Here's another approach that uses parallelization and sorting (and then more parallelization!). Splitting the work up into smaller and more efficient pieces should make this job much, much faster.
If your BAM file is indexed and you have an SGE or OGE computational grid, you could parallelize conversion of BAM to sorted BED:
$ bam2bed_sge reads.bam reads.bed
If you prefer to use GNU Parallel, there is also bam2bed_gnuParallel
.
Splitting the conversion work by chromosome reduces the execution time generally to the largest chromosome of reads.
Then look for the closest read to each read and only report distances:
$ closest-features --closest --dist --no-ref --no-overlaps reads.bed reads.bed > dists.txt
The --no-ref
and --no-overlaps
options leave out the read element and only reports the closest signed distance between a read and its nearest read, up or downstream.
Sorting with BEDOPS eliminates wasteful pairwise comparisons between all reads and makes this task fast.
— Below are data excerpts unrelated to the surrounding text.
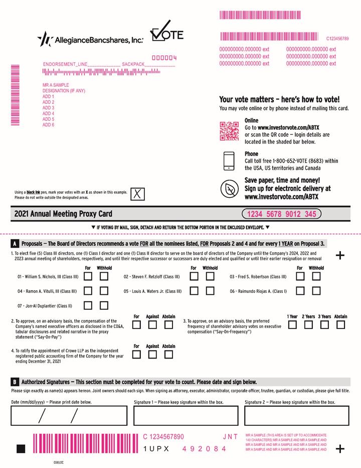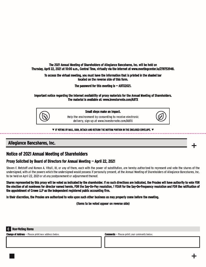 The 2021 Annual Meeting of Shareholders of Allegiance Bancshares, Inc. will be held on Thursday, April 22, 2021 at 10:00 a.m., Central Time, virtually via the internet at www.meetingcenter.io/278753948. To access the virtual meeting, you must have the information that is printed in the shaded bar located on the reverse side of this form. The password for this meeting is — ABTX2021. Important notice regarding the Internet availability of proxy materials for the Annual Meeting of Shareholders. The material is available at: www.investorvote.com/ABTX Small steps make an impact. Help the environment by consenting to receive electronic delivery, sign up at www.investorvote.com/ABTX • IF VOTING BY MAIL, SIGN, DETACH AND RETURN THE BOTTOM PORTION IN THE ENCLOSED ENVELOPE. • Allegiance Bancshares, Inc. + Notice of 2021 Annual Meeting of Shareholders Proxy Solicited by Board of Directors for Annual Meeting — April 22, 2021 Steven F. Retzloff and Ramon A. Vitulli, III, or any of them, each with the power of substitution, are hereby authorized to represent and vote the shares of the undersigned, with all the powers which the undersigned would possess if personally present, at the Annual Meeting of Shareholders of Allegiance Bancshares, Inc. to be held on April 22, 2021 or at any postponement or adjournment thereof. Shares represented by this proxy will be voted as indicated by the shareholder. If no such directions are indicated, the Proxies will have authority to vote FOR the election of all nominees for director named herein, FOR the Say-On-Pay resolution, 1 YEAR for the Say-On-Frequency resolution and FOR the ratification of the appointment of Crowe LLP as the independent registered public accounting firm. In their discretion, the Proxies are authorized to vote upon such other business as may properly come before the meeting. (Items to be voted appear on reverse side) Non-Voting Items C Change of Address — Please print new address below. Comments — Please print your comments below. +
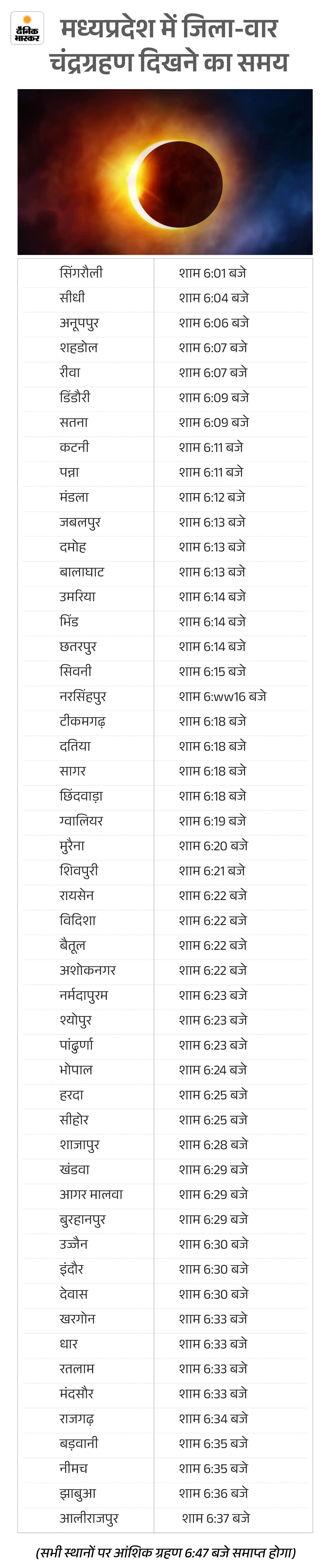 खगोलीय गणना के अनुसार आंशिक ग्रहण दोपहर 3 बजकर 20 मिनट 07 सेकंड से आरंभ होगा। पूर्णग्रहण 4 बजकर 34 मिनट 34 सेकंड पर शुरू होकर 5 बजकर 32 मिनट 49 सेकंड पर समाप्त हो जाएगा। आंशिक ग्रहण की समाप्ति शाम 6 बजकर 47 मिनट 15 सेकंड पर होगी। चूंकि भारत में चंद्रोदय शाम को होगा, इसलिए यहां केवल अंतिम आंशिक चरण ही दिखाई देगा। जिन जिलों में चंद्रोदय पहले होगा, वहां ग्रहण अधिक देर तक दिखेगा, जबकि पश्चिमी जिलों में अवधि कम रहेगी।
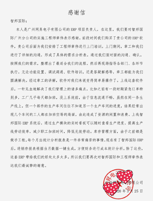 广州网昇电子有限公司与智邦国际成功签约,希望通过智邦国际ERP系统的使用,能够优化业务管理流程,合理配置企业内部资源,对各个环节实施有效管理,实时跟踪生产进度,实现资金流、物流、信息流的统一化管理,减少库存降低成本,提高企业经营决策效率与管理水平。
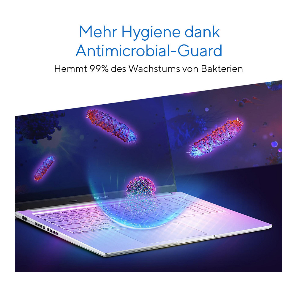 Bei der Entwicklung des Vivobook 15 OLED stand auch die Sicherheit der Nutzerinnen und Nutzer im Vordergrund. Zum einen wird Deine Privatsphäre durch eine Schiebeabdeckung über der Full-HD Webcam geschützt. Darüber hinaus bietet Dir der Fingerabdrucksensor auf dem Touchpad des Vivobook 15 OLED die Möglichkeit, das Gerät mit nur einer Berührung einzuschalten, ohne dass jemand anderes Zugriff darauf hat. Zusätzlich schützt dich der Antimicrobial-Guard vor Bakterien. Tests mit Kolibakterien ergaben einen Sicherheitsfaktor von 99 Prozent und einen Schutz von bis zu drei Jahren. So bist Du auch im Alltag außerhalb der eigenen vier Wände sicher und geschützt.
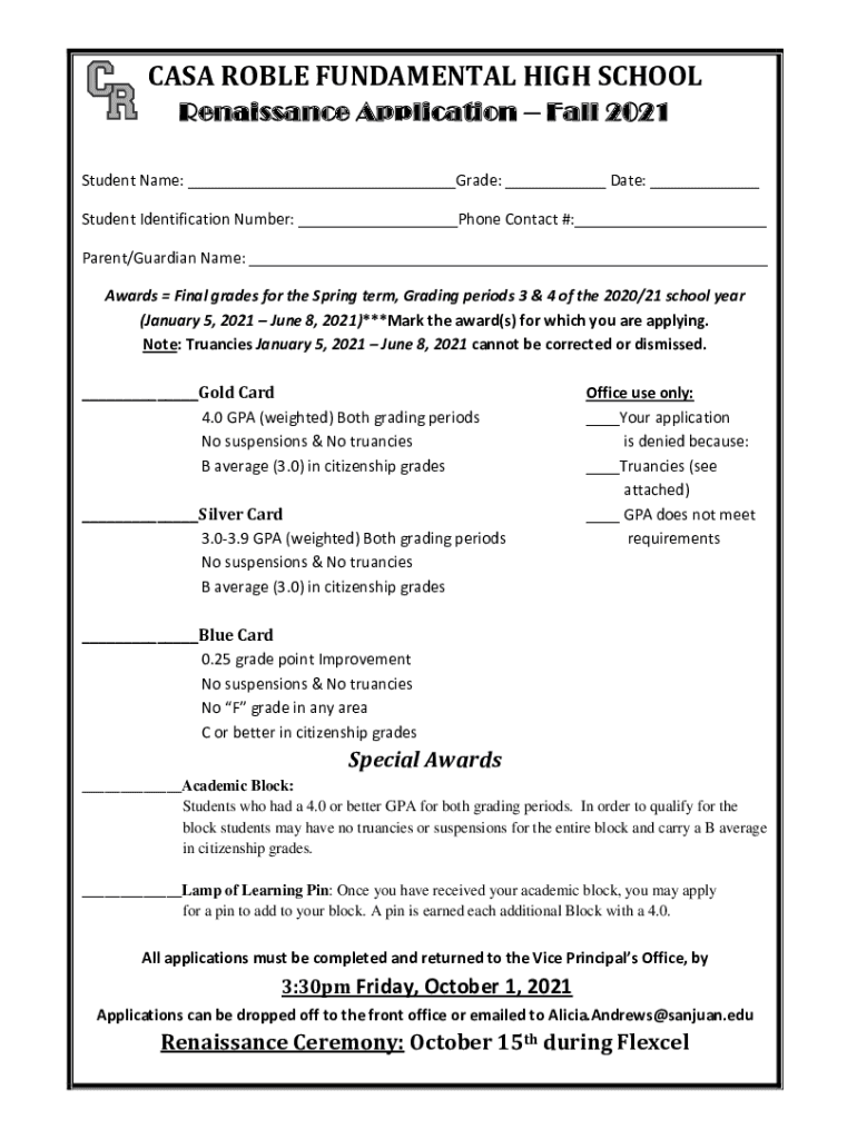 CASA ROLE FUNDAMENTAL HIGH SCHOOL Renaissance Application Fall 2021 Student Name: ___Grade: ___ Date: ___ Student Identification Number: ___Phone Contact #:___ Parent/Guardian Name: ___ Awards Final

You can again parallelize this work with bedextract and the addition of the --chrom
operator to closest-features
. Again, supposing an SGE computational grid:
for chrName in `bedextract --list-chr reads.bed`; do \
qsub <grid_options> closest-features --chrom ${chrName} --closest --dist --no-ref --no-overlaps reads.bed reads.bed > dists.${chrName}.txt; \
done
As with the BAM conversion step, this reduces search time down generally to the largest chromosome of reads.
Then process dists.txt
(or each per-chromosome distances file, if parallelized) to filter out distances larger than some threshold (say, 200), remove the sign, and (say) report the average distance of thresholded distances:
$ awk ' \
function abs(x) { \
return ((x < 0.0) ? -x : x) \
} \
BEGIN { \
s = 0; \
n = 0; \
} \
{ \
if ($0 < 200) { s += abs($0); n++; } \
} \
END { \
if (n > 0) { print s / n; } else { print "NaN"; } \
}' dists.txt
Are your BAM files sorted? If so, the whole process can be done in a much more efficient manner. Even if they're not sorted, it could well be faster to sort them and then compute what you need.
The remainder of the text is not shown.